I wrapped that into a small shell script which lets me easily select
any of the few TOTP secrets I have collected so far. It also tracks
the token changes on the full and half minute.
Have fun, Martin
#/bin/sh
case "$1" in
-h*)secret=YOUR ;;
-z*)secret=SECRETS ;;
-m*)secret=GO_HERE ;;
?*) secret=$1 ;;
"") echo "usage: $0 [ -h | -z | -m | ]"
exit 1
;;
esac
# https://www.youtube.com/watch?v=Q3mgapAcVdU
# we gotta get out of this place, but cleanly:
trap "exit 0" INT
while true; do
t=`date +%S`
date +"%T, current & next token (changes on seconds :00 and :30):"
oathtool --totp -w1 -b $secret
# gotcha! SOMETIMES, $t may come in as 08 or 09 which would be
# illegal octal numbers -- we need to nuke a leading "0":
sleep $(( 1 + 30 - (${t#0} % 30) ))
done
# and if it's the last thing we ever do...
# 2FA -- 2 Factor Audio, here's the 2nd factor:
# https://www.youtube.com/watch?v=lsuQO77n9SE
Re: TOTP apps, and WebAuthn recommended devices?

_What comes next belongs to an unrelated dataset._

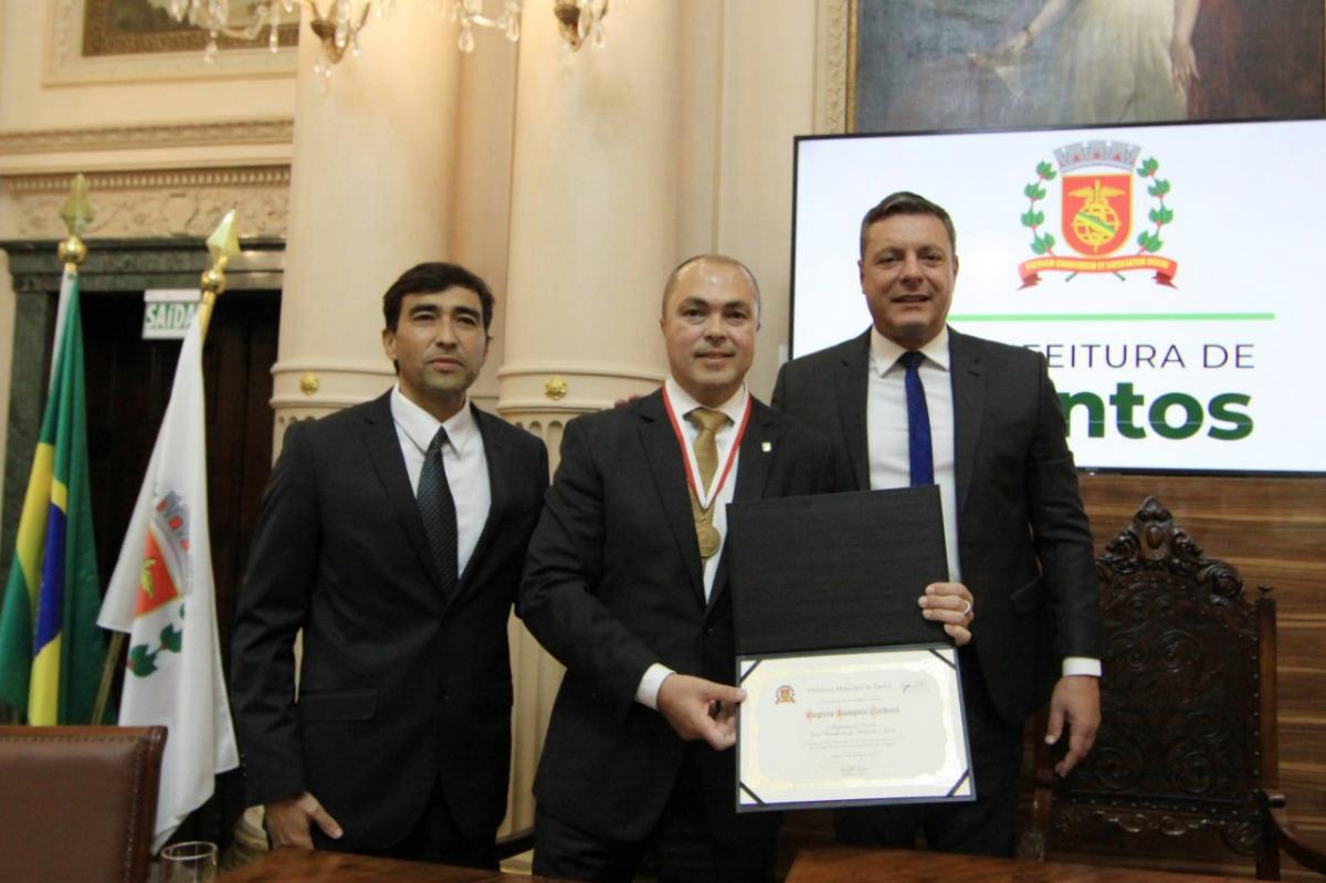 Para encerrar com maestria a semana de comemoração aos 30 anos da medalha de ouro nos Jogos Olímpicos Barcelona 1992, o ex-judoca Rogério Sampaio recebeu uma grande homenagem em sua cidade natal. A maior honraria da cidade de Santos foi concedida ao diretor-geral do Comitê Olímpico do Brasil (COB) na noite desta sexta-feira (5). Em cerimônia no Palácio José Bonifácio, sede da prefeitura municipal, o santista recebeu a medalha e o diploma do mérito José Bonifácio de Andrada e Silva na presença de autoridades locais, familiares e amigos.

On Thu, Mar 23, 2023 at 03:23:40PM +, Stephen Borrill wrote: > On Thu, 23 Mar 2023, Greg Troxel wrote: > > 2FA is increasingly required, which is fine, but I wonder about > > strategies for coping as a NetBSD user. > > > > One thing is TOTP. There are Android apps from f-droid (which suits me > > but not everyone), and there is vaultwarden which should allow bitwarden > > to do TOTP. I wonder if there are good TOTP programs in pkgsrc and what > > people recommend. > > security/oath-toolkit work well for me ... For TOTP (and HOTP <- is this commonly/ever used, btw?), I found oath-toolkit/oathtool very helpful as well. I've been using it for a couple years. Recently, I also discovered "susam/mintotp" on github; and it's been very useful too, in a situation helping others where the laptop in use was running the mainstream, proprietary OS (rather than NetBSD). Slightly "off question", maybe, but I mention it because the mintotp.py implementation seems minimal & elegant (less than 1KB of python code--and depends on, IIRC, only stock python libs: so it simply worked with the proprietary OS's Python version from its online app store). The mintotp repo also has almost 2 orders of magnitude more documentation than code--and yet even that was a manageable quantity. Something about this made me happy... I was able to look over mintotp.py and be fairly confident that it wasn't revealing the OTP shared secret (or other information) to a third party.[*] The simplicity of the implementation may mean that it will run easily on a smart- phone's Python too, although I haven't tried. And of course it runs on stock pkgsrc Python under NetBSD; although mintotp itself isn't packaged. Best, -D [*] I'm not a code auditing expert by any means, however; so take that with a grain of salt. And obviously, it isn't of as much value if one is already running in a proprietary OS.